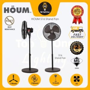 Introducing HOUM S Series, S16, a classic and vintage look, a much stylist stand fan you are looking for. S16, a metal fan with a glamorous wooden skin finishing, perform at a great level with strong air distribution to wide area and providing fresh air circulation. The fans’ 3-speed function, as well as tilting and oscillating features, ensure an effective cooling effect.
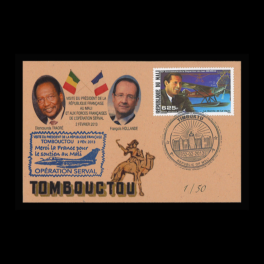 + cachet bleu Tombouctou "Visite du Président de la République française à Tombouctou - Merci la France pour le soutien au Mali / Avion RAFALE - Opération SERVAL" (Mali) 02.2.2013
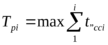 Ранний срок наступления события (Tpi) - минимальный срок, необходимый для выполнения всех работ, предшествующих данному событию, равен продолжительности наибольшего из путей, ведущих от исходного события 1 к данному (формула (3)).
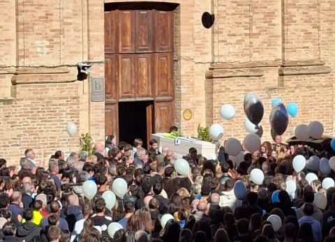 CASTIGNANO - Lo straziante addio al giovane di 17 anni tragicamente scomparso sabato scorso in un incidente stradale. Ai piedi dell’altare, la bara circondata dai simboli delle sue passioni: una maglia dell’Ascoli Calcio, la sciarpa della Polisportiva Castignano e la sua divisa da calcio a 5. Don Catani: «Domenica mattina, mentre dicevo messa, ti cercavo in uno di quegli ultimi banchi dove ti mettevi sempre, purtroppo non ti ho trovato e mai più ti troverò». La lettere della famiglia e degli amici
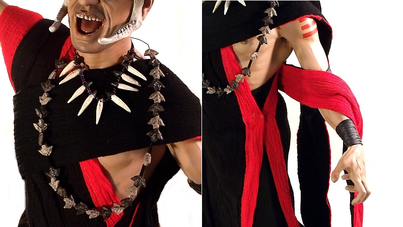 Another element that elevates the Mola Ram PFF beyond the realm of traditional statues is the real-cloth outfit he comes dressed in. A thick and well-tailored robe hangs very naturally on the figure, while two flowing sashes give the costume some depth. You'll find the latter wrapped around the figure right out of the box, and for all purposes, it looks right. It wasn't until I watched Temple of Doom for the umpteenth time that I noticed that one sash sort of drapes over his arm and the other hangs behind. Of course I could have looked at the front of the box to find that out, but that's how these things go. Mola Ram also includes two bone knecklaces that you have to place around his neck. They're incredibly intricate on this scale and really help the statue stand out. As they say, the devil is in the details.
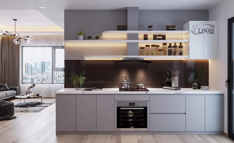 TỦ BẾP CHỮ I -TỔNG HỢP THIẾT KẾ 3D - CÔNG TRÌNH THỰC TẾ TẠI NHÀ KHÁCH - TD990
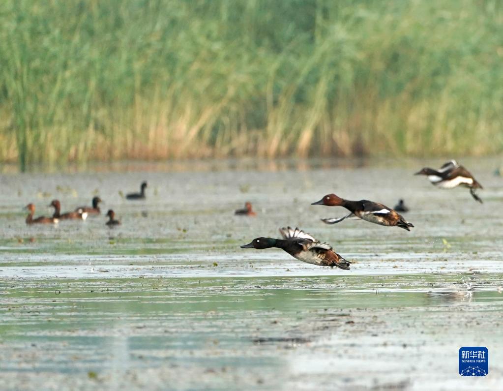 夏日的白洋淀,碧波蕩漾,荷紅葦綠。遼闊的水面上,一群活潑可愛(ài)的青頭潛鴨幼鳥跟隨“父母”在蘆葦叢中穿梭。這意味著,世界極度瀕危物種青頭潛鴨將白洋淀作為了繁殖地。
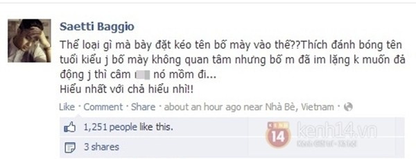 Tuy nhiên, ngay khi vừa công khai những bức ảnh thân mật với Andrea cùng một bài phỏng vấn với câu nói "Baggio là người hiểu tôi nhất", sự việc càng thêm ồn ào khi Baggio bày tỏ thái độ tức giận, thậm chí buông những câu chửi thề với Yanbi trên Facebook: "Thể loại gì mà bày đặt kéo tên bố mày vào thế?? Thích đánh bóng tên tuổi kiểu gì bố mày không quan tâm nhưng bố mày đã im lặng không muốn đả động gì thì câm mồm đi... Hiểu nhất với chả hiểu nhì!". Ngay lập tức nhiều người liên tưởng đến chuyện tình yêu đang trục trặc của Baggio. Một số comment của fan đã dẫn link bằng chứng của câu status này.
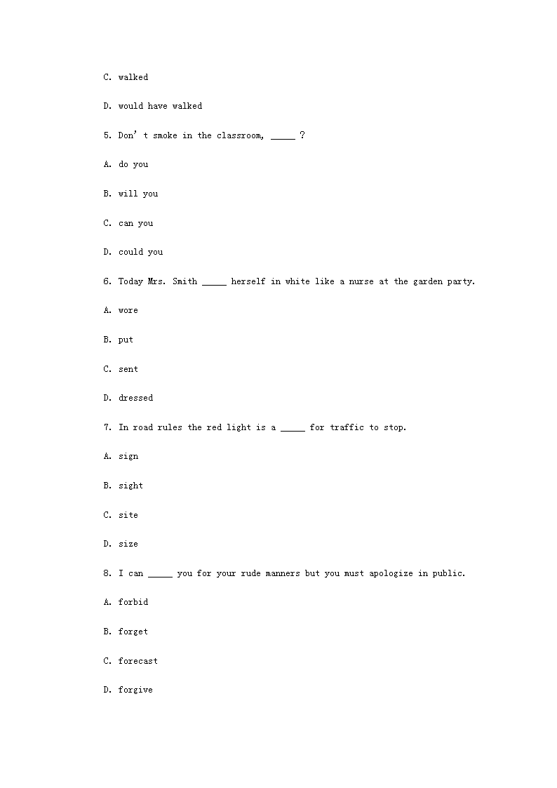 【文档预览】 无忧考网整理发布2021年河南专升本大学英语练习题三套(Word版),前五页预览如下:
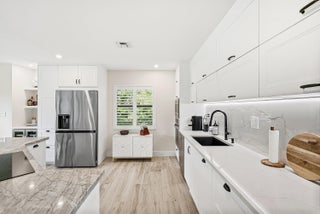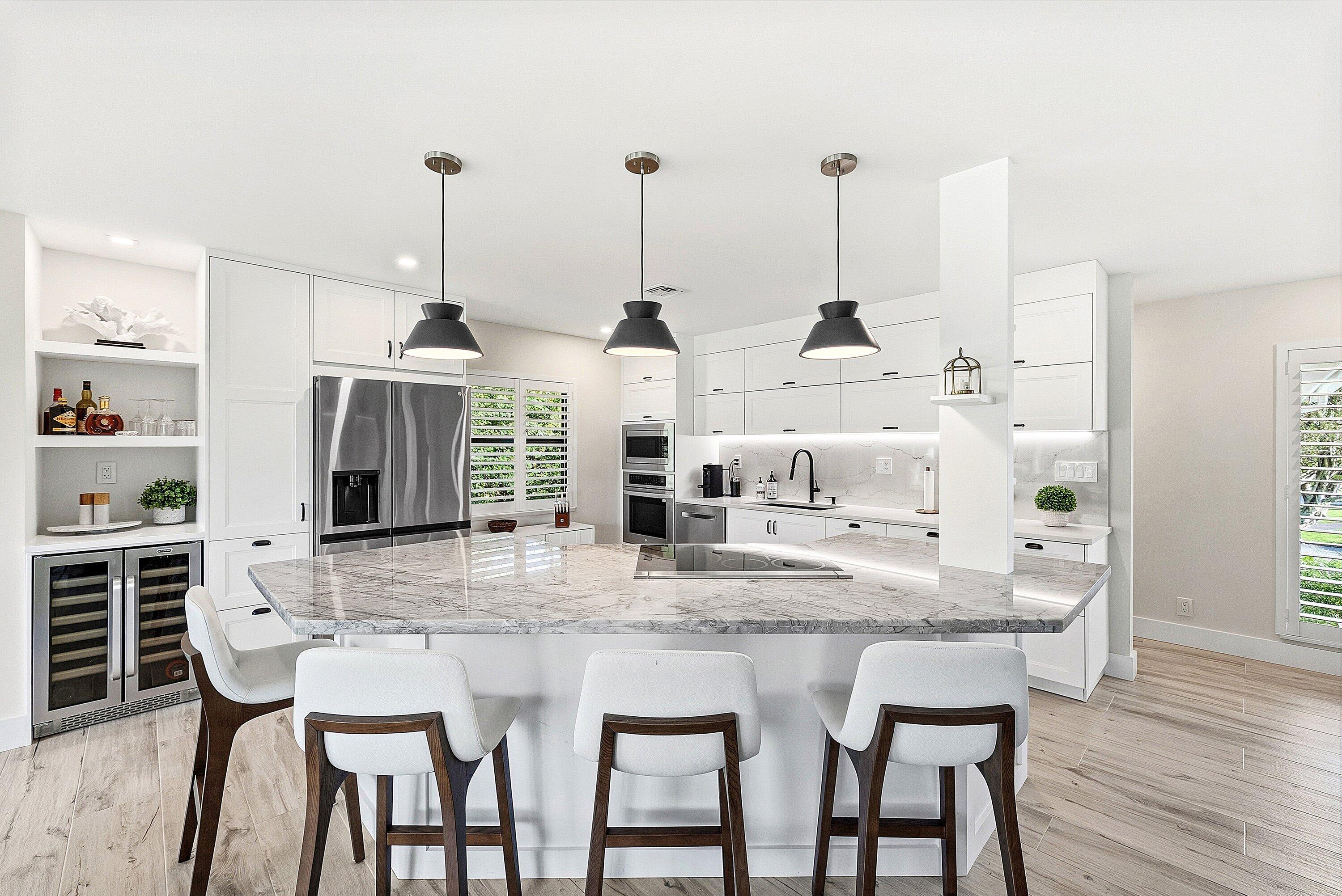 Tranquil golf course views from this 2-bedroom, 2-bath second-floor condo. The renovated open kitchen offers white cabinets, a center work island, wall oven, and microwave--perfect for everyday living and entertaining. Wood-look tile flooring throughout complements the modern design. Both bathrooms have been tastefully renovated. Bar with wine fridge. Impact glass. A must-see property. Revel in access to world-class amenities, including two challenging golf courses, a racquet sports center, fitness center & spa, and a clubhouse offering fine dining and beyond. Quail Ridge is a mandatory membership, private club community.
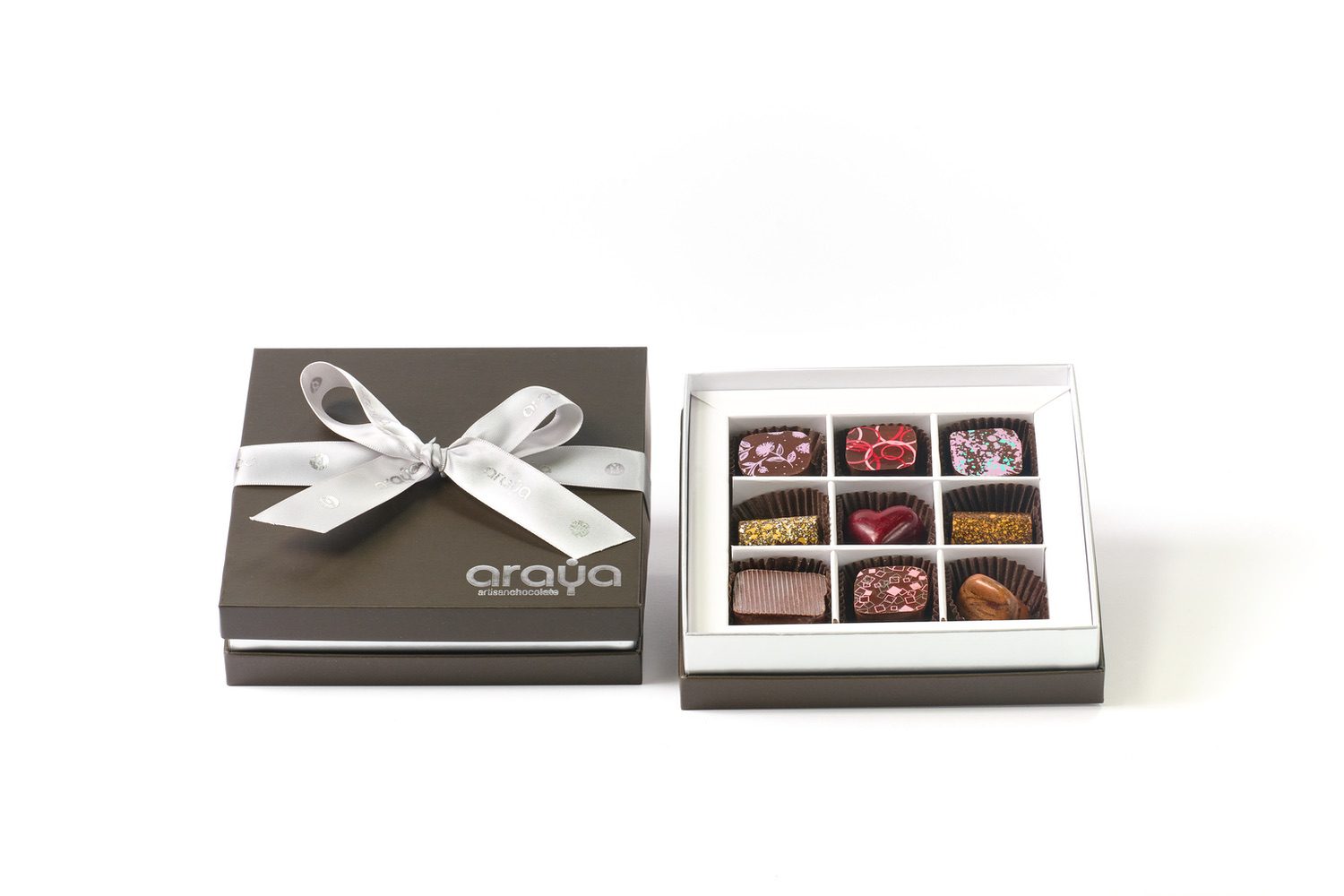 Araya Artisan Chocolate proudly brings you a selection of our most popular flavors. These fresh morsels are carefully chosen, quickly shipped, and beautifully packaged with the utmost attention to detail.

————————

Using the data above, which lines fall from the one with "Ранний срок наступления" through the one with "夏日的白洋淀,碧波蕩漾,荷紅"? Repeat them exactly, ends included, minus any pictures.

__Response__.
 Ранний срок наступления события (Tpi) - минимальный срок, необходимый для выполнения всех работ, предшествующих данному событию, равен продолжительности наибольшего из путей, ведущих от исходного события 1 к данному (формула (3)).
 CASTIGNANO - Lo straziante addio al giovane di 17 anni tragicamente scomparso sabato scorso in un incidente stradale. Ai piedi dell’altare, la bara circondata dai simboli delle sue passioni: una maglia dell’Ascoli Calcio, la sciarpa della Polisportiva Castignano e la sua divisa da calcio a 5. Don Catani: «Domenica mattina, mentre dicevo messa, ti cercavo in uno di quegli ultimi banchi dove ti mettevi sempre, purtroppo non ti ho trovato e mai più ti troverò». La lettere della famiglia e degli amici
 Another element that elevates the Mola Ram PFF beyond the realm of traditional statues is the real-cloth outfit he comes dressed in. A thick and well-tailored robe hangs very naturally on the figure, while two flowing sashes give the costume some depth. You'll find the latter wrapped around the figure right out of the box, and for all purposes, it looks right. It wasn't until I watched Temple of Doom for the umpteenth time that I noticed that one sash sort of drapes over his arm and the other hangs behind. Of course I could have looked at the front of the box to find that out, but that's how these things go. Mola Ram also includes two bone knecklaces that you have to place around his neck. They're incredibly intricate on this scale and really help the statue stand out. As they say, the devil is in the details.
 TỦ BẾP CHỮ I -TỔNG HỢP THIẾT KẾ 3D - CÔNG TRÌNH THỰC TẾ TẠI NHÀ KHÁCH - TD990
 夏日的白洋淀,碧波蕩漾,荷紅葦綠。遼闊的水面上,一群活潑可愛(ài)的青頭潛鴨幼鳥跟隨“父母”在蘆葦叢中穿梭。這意味著,世界極度瀕危物種青頭潛鴨將白洋淀作為了繁殖地。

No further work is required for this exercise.